Photo by Benjamin Ealovega
Jonathan Biss

Saturday at the Heights Theater: Patty and the Buttons 2nd Annual Vaudeville Show. Is it too much to hope that the Twin Cities has a new Thanksgiving weekend tradition? Like last year’s “Vaudeville Spectacular,” this year’s show features live music and performances, silent films, and the Heights’ Mighty Wurlitzer (with Harvey Gustafson, who else, at the manuals). Performers include the country music duo Yellow-Bellied Sapsuckers, puppeteer Liz Shacterle, tap dancer Miss Molly, cowboy artist Pop Wagner, folk musician Adam Kiesling, and the always wonderful Christina Baldwin presenting music of vaudeville starlets. And hosts Patty and the Buttons, led by Patrick Harison on accordion. 1 p.m. $20 at the door, $15 advance. 17 and under free.

Photo by Darin Back
Adam Levy

Saturday at the Cedar: Adam Levy Solo “Naubinway” Record Release. The first solo outing by the singer-songwriter of The Honeydogs was born in a dark place: the suicide of his 21-year-old son, Daniel, in 2011. Numbed by grief, Levy wrote songs about his own pain – and that of Daniel, who struggled with mental illness. This is not the celebration of life one might expect in such circumstances, but a loving father’s way of dealing with death and loss in tender, aching, beautifully crafted songs. The album is illustrated by highly detailed, sometimes disturbing drawings by Daniel that give us glimpses into his complicated inner world. Doors at 7 p.m., show at 8. FMI and tickets ($12 advance/$15 day of show).

Saturday at the Walker: Choreographers’ Evening.
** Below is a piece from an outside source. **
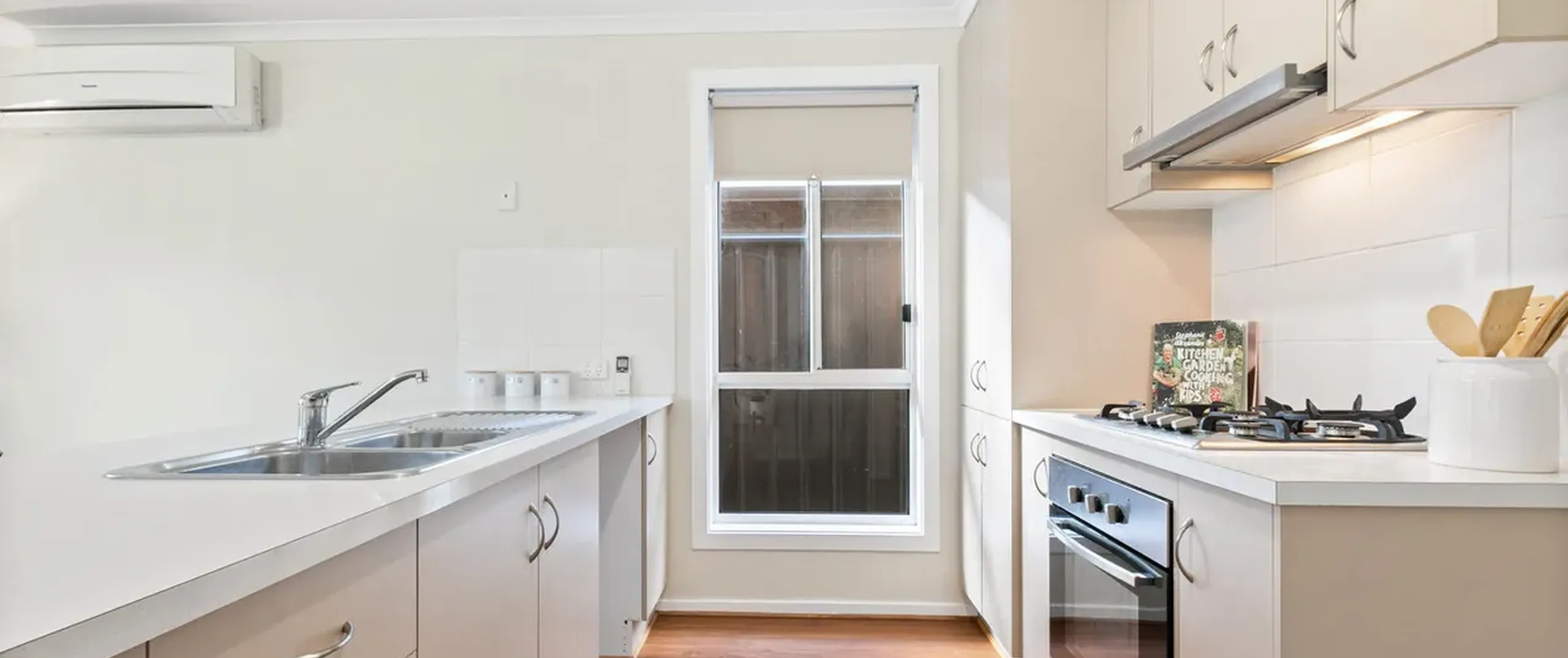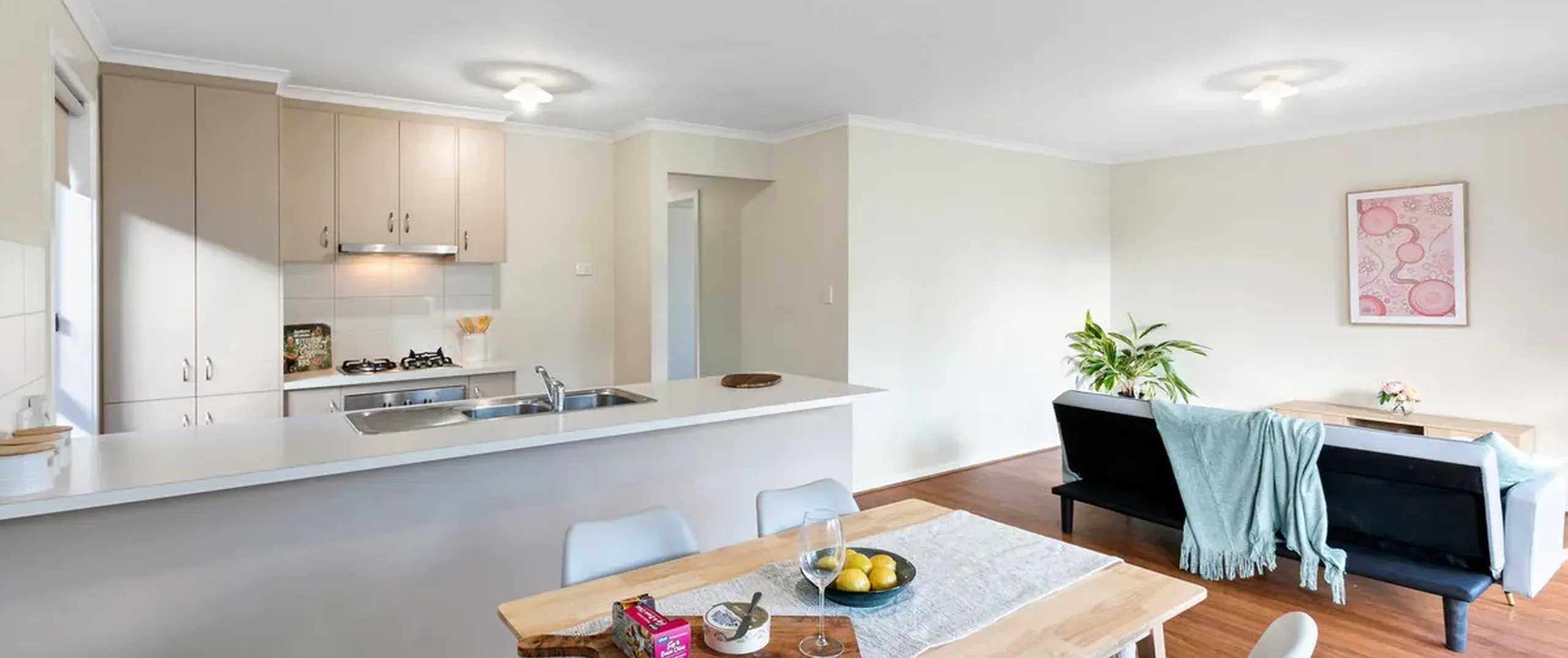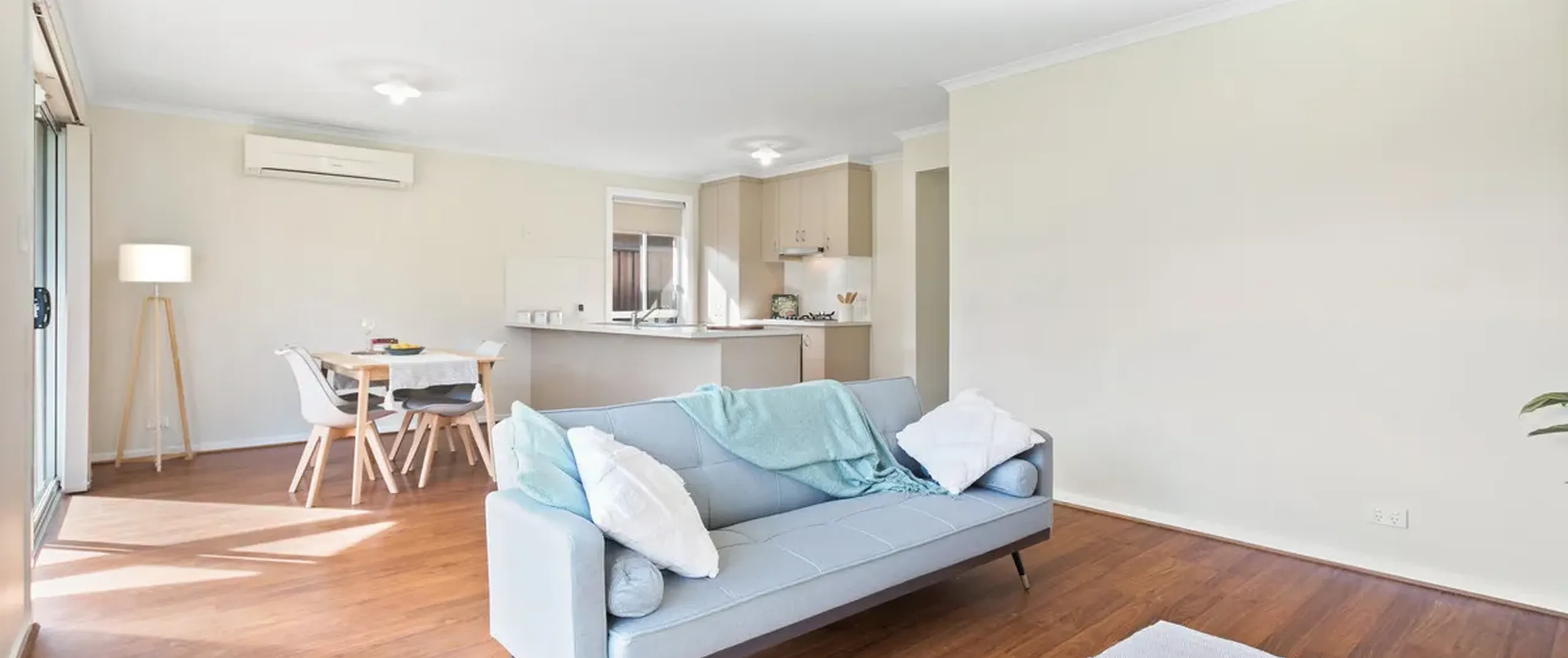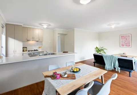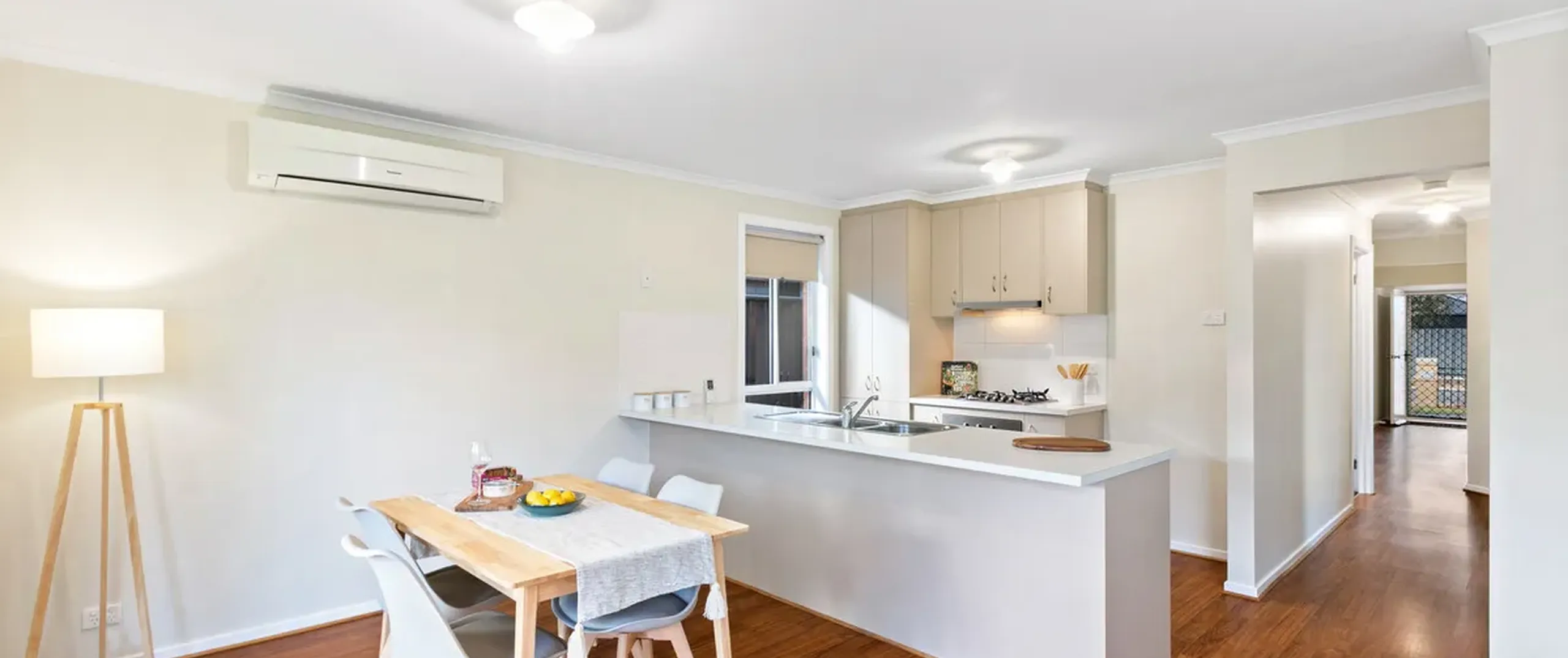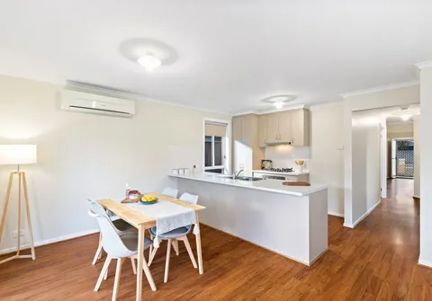 - Light-filled, open plan dining and living area with reverse cycle split system air-conditioner

Now in its 43rd year, this annual showcase spotlights our vast, energetic, ever-morphing local dance scene with a sampler of works lasting seven minutes or less. Curated by Justin Jones, this year’s evening features DaNCEBUMS, Ea Eckwall, Kathie Goodale, Pedro Pablo Lander, Jeffrey Wells and more. May contain nudity. 7 and 9:30 p.m. in the McGuire Theatre. FMI and tickets ($25).